First Person is also a platform to influence policy. Recent high school graduate Anisah Karim described the pressure she felt to apply to 100 colleges in the quest for millions of dollars in scholarships. Because of her piece, the school board in Memphis is reviewing the so-called “million-dollar scholar” culture at some high schools.

Do you have a story to tell or a point to make? In 2018, we want to give an even greater voice to students, parents, teachers, administrators, advocates and others who are trying to improve public education in Tennessee. We’re looking for essays of 500 to 750 words grounded in personal experience.

Whether your piece is finished or you just have an idea to discuss, drop a line to Community Editor Caroline Bauman at cbauman@chalkbeat.org.
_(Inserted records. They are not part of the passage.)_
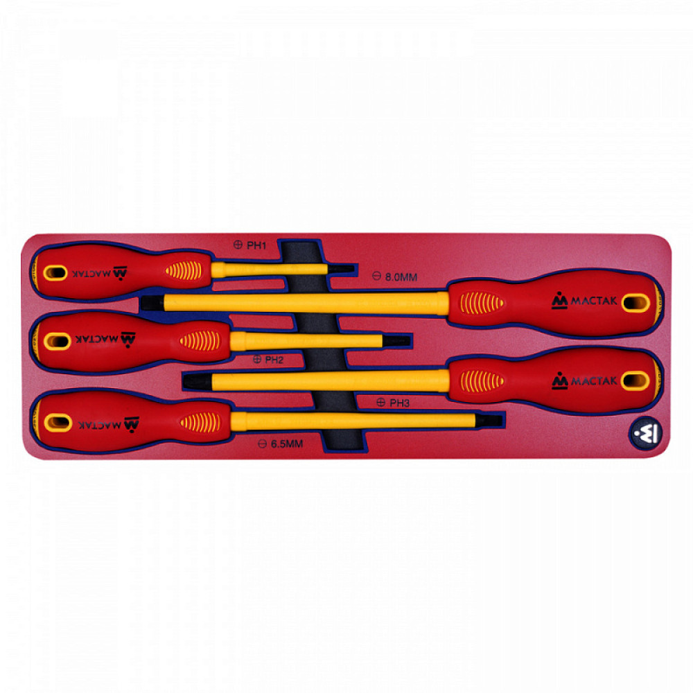 Набор инструментов 5 предметов отвертки диэлектрические Мастак 5-4005Е в ложементе из материала EVA предназначен для комплектации передвижных инструментальных тележек или слесарных верстаков при создании индивидуальных рабочих мест на станциях технического обслуживания автомобилей и других предприятиях, занимающихся обслуживанием и ремонтом различной техники.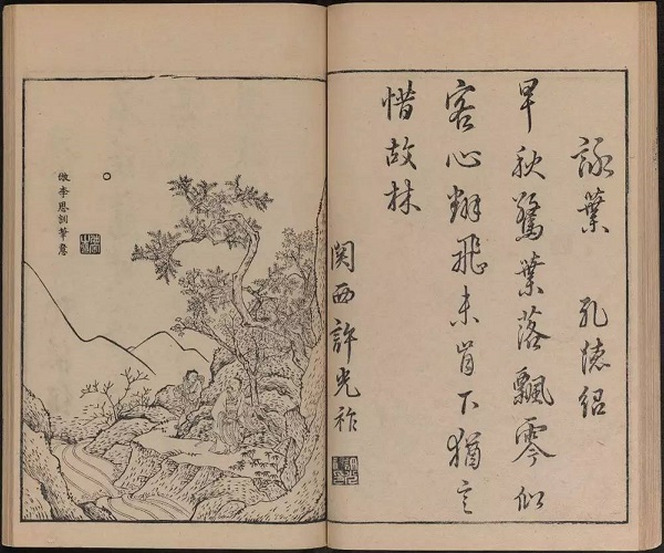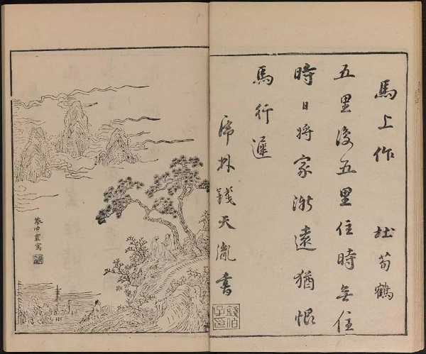 《八种画谱》又称《唐诗画谱》,由明代集雅斋主人黄凤池编辑,大约刊印于1672年。为诗、书、画三美合一的版画图谱,是徽派版画代表作之一。此本包含八种画谱:五言唐诗画谱、六言唐诗画谱、七言唐诗画谱、梅竹兰菊四谱、木本花鸟谱、草本花诗谱、唐解元仿古今画谱、张白云选名公扇谱。而对于《八种画谱》的学习,从池大雅二十二岁的作品《渭城柳色》中就可以看到画谱的影子,用笔简练且线条纤细,明显是受木板画谱的影响。《八种画谱》的很多图样都是如此。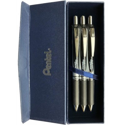 Pentel BL77 Gel-Tintenroller EnerGel mit Druckmechanik, 3 Stück schwarz + Etui in blau, 0,7mm (Geschenkset)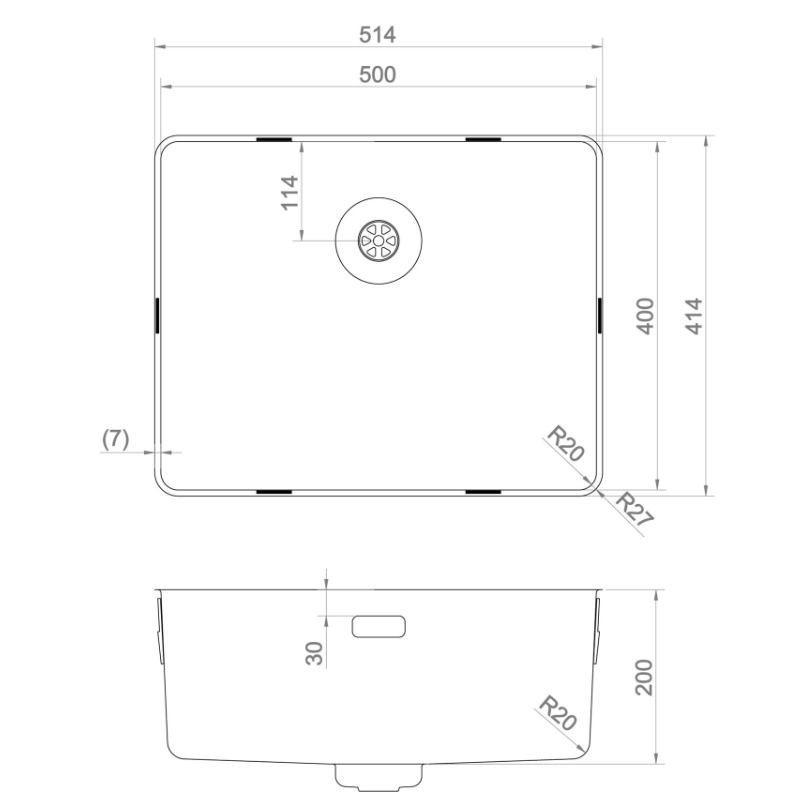 Buitenmaat: 514 x 414 mm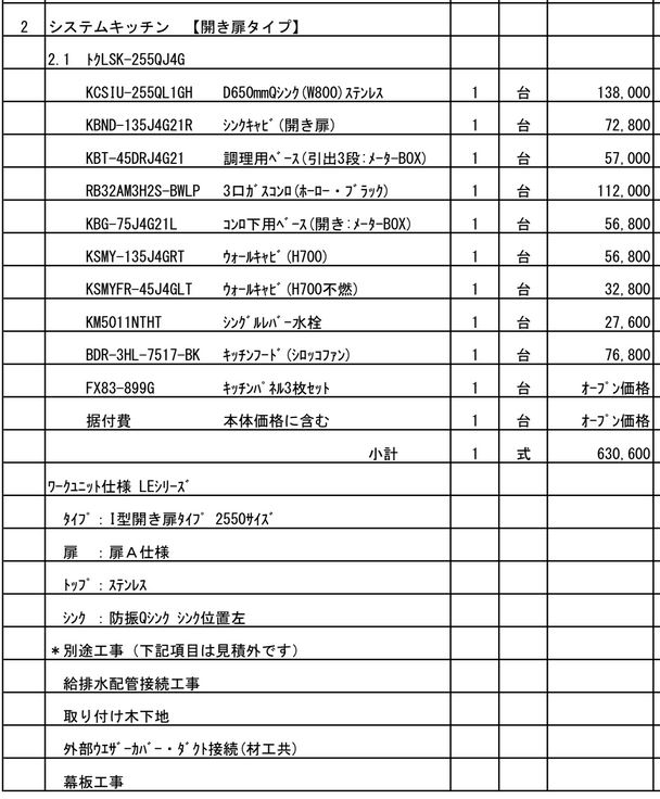 (解体処分+水道工事+電気工事+設置工事+大工工事)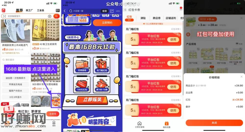 【阿里巴巴0亓撸20~25亓的实物】1688APP最新版->首页下拉一点右侧悬浮窗->默认有1次机会+4个好友助力得4次机会,每次抽基本必得5亓红包,所有红包可以叠加买自己想买的

But first, check out these top First Person pieces from Tennesseans in 2017:

My high school told me to apply to 100 colleges — and I almost lost myself in the process

“A counselor never tried to determine what the absolute best school for me would be. I wasted a lot of time, money and resources trying to figure that out. And I almost lost myself in the process.” —Anisah Karim     

Why I’m not anxious about where my kids go to school — but do worry about the segregation that surrounds us

“In fact, it will be a good thing for my boys to learn alongside children who are different from them in many ways — that is one advantage they will have that I did not, attending parochial schools in a lily-white suburb.” —Mary Jo Cramb

I covered Tennessee’s ed beat for Chalkbeat. Here’s what I learned.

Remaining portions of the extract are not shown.